Sampai di sini, sudah bisa ditegaskan lagi bahwa Jokowi boleh menolak seruan PBB di atas karena seruan spesifik tersebut bukan merupakan keharusan dalam kategori tradisi hukum internasional!
Klausa "In countries which have not abolished the death penalty"
Bahwa Jokowi boleh menolak seruan PBB di atas, itu tidak sama dengan harus menolaknya. Maka pertanyaannya adalah haruskah Jokowi menolak seruan tersebut? Mengapa?
Untuk menjawab pertanyaan di atas, kita mesti memulainya dengan memperhatikan tafsir terhadap klausa awal dari artikel 6, no. 2 ICCPR, yaitu: "In countries which have not abolished the death penalty..." ("Dalam negara-negara yang belum meniadakan hukuman mati").
Draft awal dari artikel 6, no. 2 ICCPR memuat klausa yang berbunyi: "In countries where capital punishment exists . . .", namun di kemudian hari intonasi positif dari klausa ini digantikan dengan intonasi negatif seperti yang saya cantumkan pada paragraf di atas.
Intonasi negatif pada klausa tersebut dianggap lebih tepat karena memberikan kesan bahwa peniadaan hukuman mati merupakan opsi mayor sedangkan negara-negara yang masih menerapkannya memilih opsi minor. Artinya, pengubahan intonasi ini sekaligus memuat harapan bahwa penghapusan hukuman mati bagi semua jenis kejahatan akan semakin diadopsi oleh banyak negara.

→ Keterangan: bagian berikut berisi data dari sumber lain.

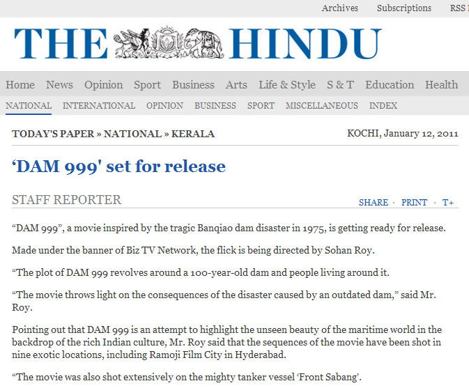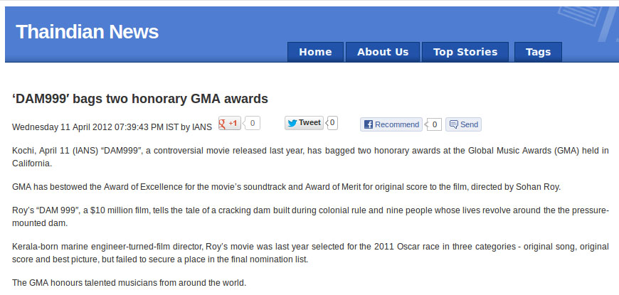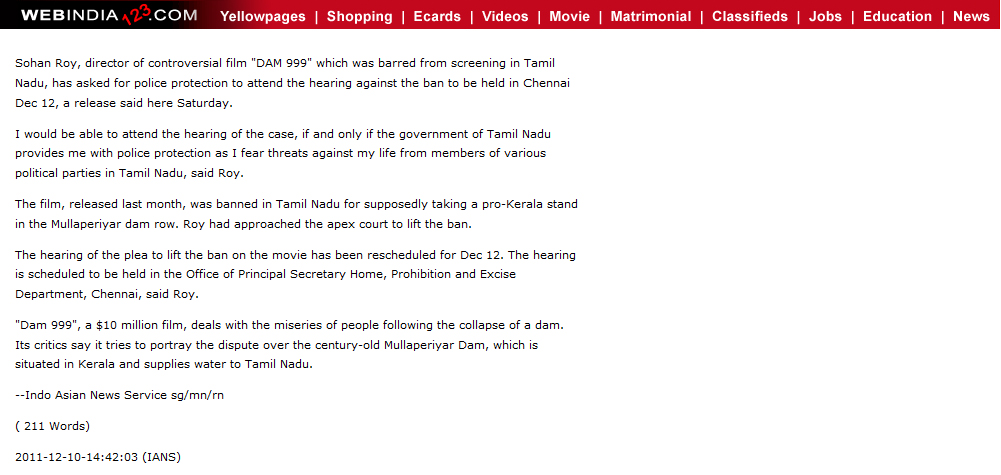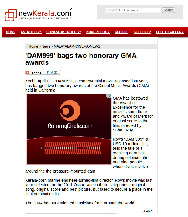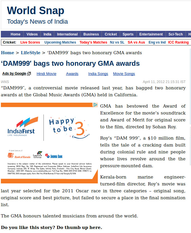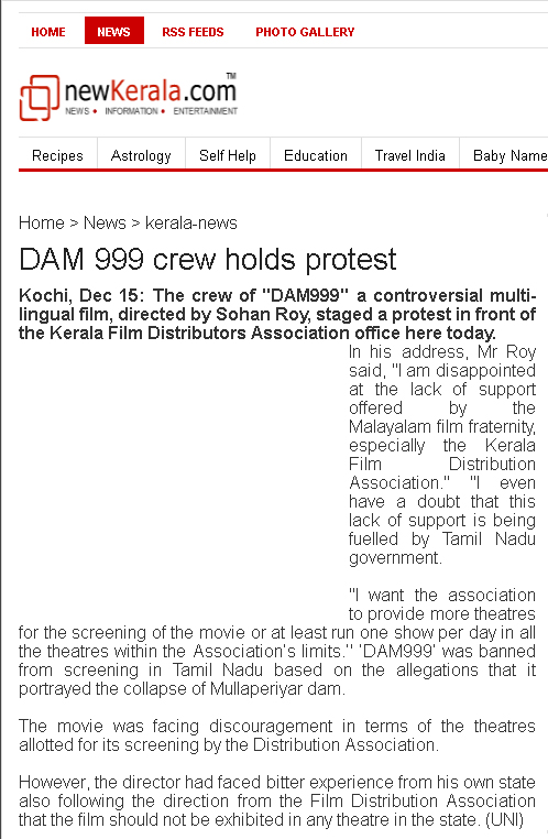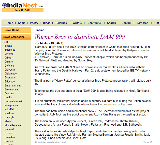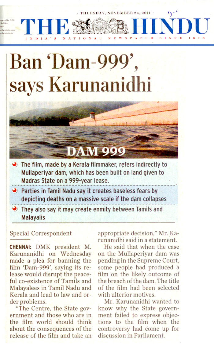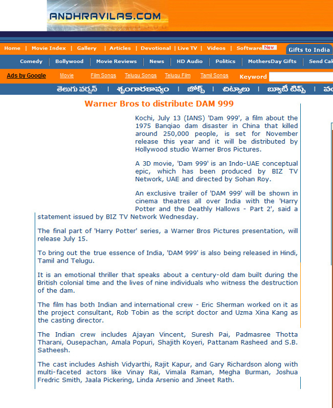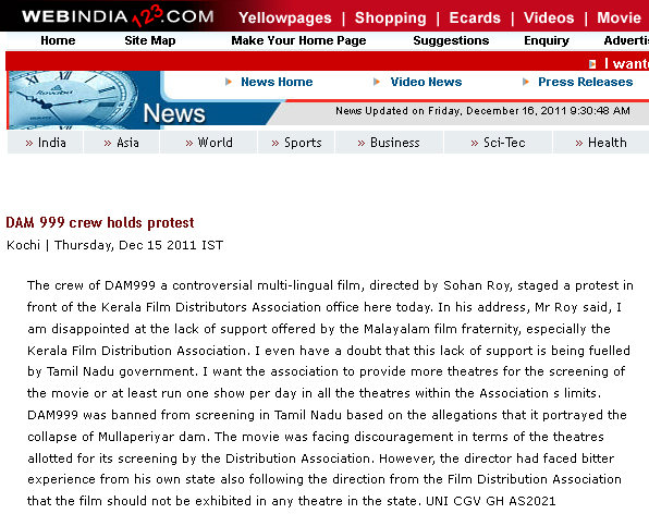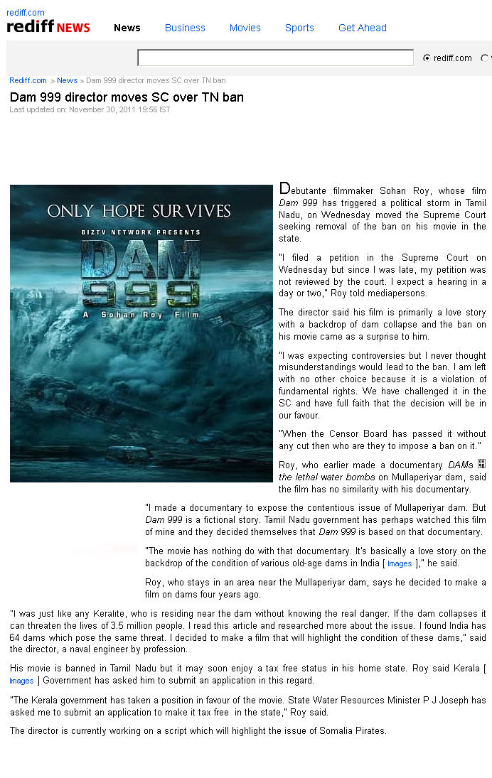 - DAM999' screenplay in Oscar library -Webindia123.com

Menariknya, selain muatan makna dan harapan di atas, intonasi negatif dari klausa tersebut juga dianggap mengimplikasikan bahwa artikel 6 no. 2 ICCPR tidak ditujukan bagi negara-negara yang sudah menghapuskan hukuman mati sama sekali (complete abolitionists). Dan karena itu pula, implikasi intonasi negatif dari klausa tersebut adalah bahwa negara-negara yang sudah menghapuskan hukuman mati sama sekali tidak diperbolehkan untuk menerapkan hukuman mati itu kembali di kemudian hari.
Sebelum menarik inferensi logisnya, kita perlu menyimak kembali yurisprudensi HAM internasional berkait penyempitan makna klausa "the most serious crimes". Menurut yurisprudensi tersebut, kasus narkoba tidak dapat dimasukkan ke dalam pemaknaan akan klausa "the most serious crimes", maka jenis kejahatan ini tidak boleh diganjar dengan hukuman mati.
Poin saya adalah jika kita menerima novel interpretation akan klausa "the most serious crimes" di atas, lalu membatalkan pelaksanaan hukuman mati terhadap para terpidana mati kasus "Bali Nine" yang belum dieksekusi sekarang, maka kita akan berhadapan dengan implikasi yang tidak kita inginkan di kemudian hari.
Implikasi yang saya maksudkan adalah klausa "the most serious crimes" muncul tepat sesudah klausa "In countries which have not abolished the death penalty". Menurut Schabas, jika sebuah jenis kejahatan spesifik telah tereliminasi dari makna klausa "the most serious crimes", dan karenanya tidak menerima hukuman mati sebagai ganjarannya, maka di kemudian hari jenis kejahatan spesifik itu tidak dapat lagi diganjar dengan hukuman mati. Mengapa? Karena klausa "the most serious crimes" mengasumsikan pemaknaan klausa "In countries which have not abolished the death penalty".
Dalam terang tafsir di atas, seruan PBB sebenarnya bukan berarti bahwa pemerintah Indonesia jangan menerapkan hukuman mati untuk kasus "Bali Nine" saja, dan untuk kasus-kasus narkoba berikutnya hukuman mati masih boleh dijalankan. Tidak begitu!